Comment: A lot of fun, this one, perfect for Halloween. Theodore Roscoe's expert authorial abilities are on display, as in this example of descriptive writing used to establish mood:
"Moonlight only exaggerated the blackness of underbrush and trees. Twisting like a snake, the foot trail wound through the dripping boscage; the rain had raised a dank vapor, and the soaked night steamed. Through the trees at the left we could see the river sliding by like a great tide of coffee. Coasting along the bank, it tore at bushes, slapped the roots of willows and made a sound like a vast gurgling in a cemetery."Typos: "he didn't give a hang about th' give a hang about"; quotation marks missing or misplaced several times
- It's been over a year since we last touched base with Theodore Roscoe; go (HERE) to see what he was doing last time.

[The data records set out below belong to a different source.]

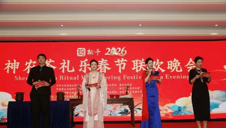 (凤凰新闻网络电视台记者邢占军讯)瑞雪初霁,银装映中轴;茶香氤氲,雅韵漫紫禁。2026年1月18日,“茶香九州·礼乐宾筵”——第二届神农茶礼乐春节联欢晚会,于中国传媒大学国际交流中心盛启华章。《礼颂神农·茶祖礼乐大典》庄严肃穆,一声鼓敲开千年茶魂;十八茶席美学争芳京华,五宗世界非遗交相辉映。近五百位中外嘉宾循香而至,共赴一场民间雅集:雅致盛会,于唐宋茶韵与古今交响中,见证中国式幸福炫彩世界。
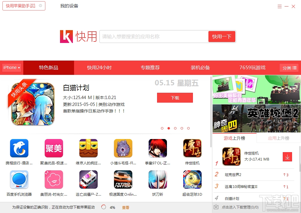快用苹果助手是是一款PC版苹果iphone/ipad助手软件。快用苹果助手官方下载版凭借独创的“免越狱一键安装”技术与“极简“风格的操作体验,得到了苹果用户的广泛关注,用户数量屡创新高。2012年9月,“快用苹果助手”宣布“全面支持新版苹果IOS6操作系统与iPhone5手机”。
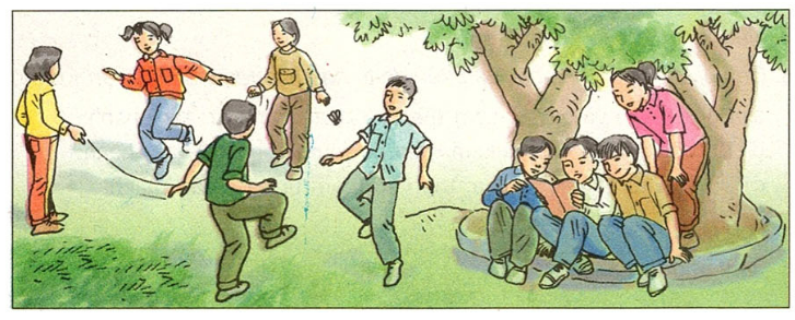 Quan sát tranh vẽ dưới đây và nêu 2 – 3 câu kể nêu hoạt động miêu tả hoạt động của các nhân vật trong tranh.

- Edith is engaged in researching other famous disappearances as well: Elizabeth Canning (HERE), Charlie Ross (HERE), and perhaps the most well-known disappearer of all, Ambrose Bierce (HERE).
- There really was a Walton Dwight (1837-78) (see HERE), who has been compared to Donald Trump (HERE). According to the historical account—The 149th Pennsylvania Volunteer Infantry Unit in the Civil War (1994; HERE), which he commanded—Lieutenant-Colonel Walton Dwight . . .
". . . was elected mayor of the city of Binghamton, New York. Within three years he became the foremost developer of real estate in the area, creating housing developments with paved streets and sewers — modern conveniences for that day. Walton Dwight died under mysterious circumstances (possibly suicide) at the early age of 40."Another source (Famous Mysteries: Curious and Fantastic Riddles of Human Life That Have Never Been Solved, 1919; online HERE) goes into some detail about Dwight's controverted death, including the gelsemium:
"Although this mysterious drug was almost unknown to the physicians of Dwight's day, there were some who learned that its effect was to paralyze the motor nerves without the loss of consciousness and to thus produce temporar-ily an absolute simulation of death. Medico-legal authorities, considering the possibility of Juliet's suspended animation in the tomb where Romeo found her, have held that 'gelsemium' would have produced her deathlike trance [leading to the speculative theory that Dwight faked his death and funeral to collect on the insurance]." (HERE)The bottom line: "When avarice takes the lead in a state, it is commonly the forerunner of its fall."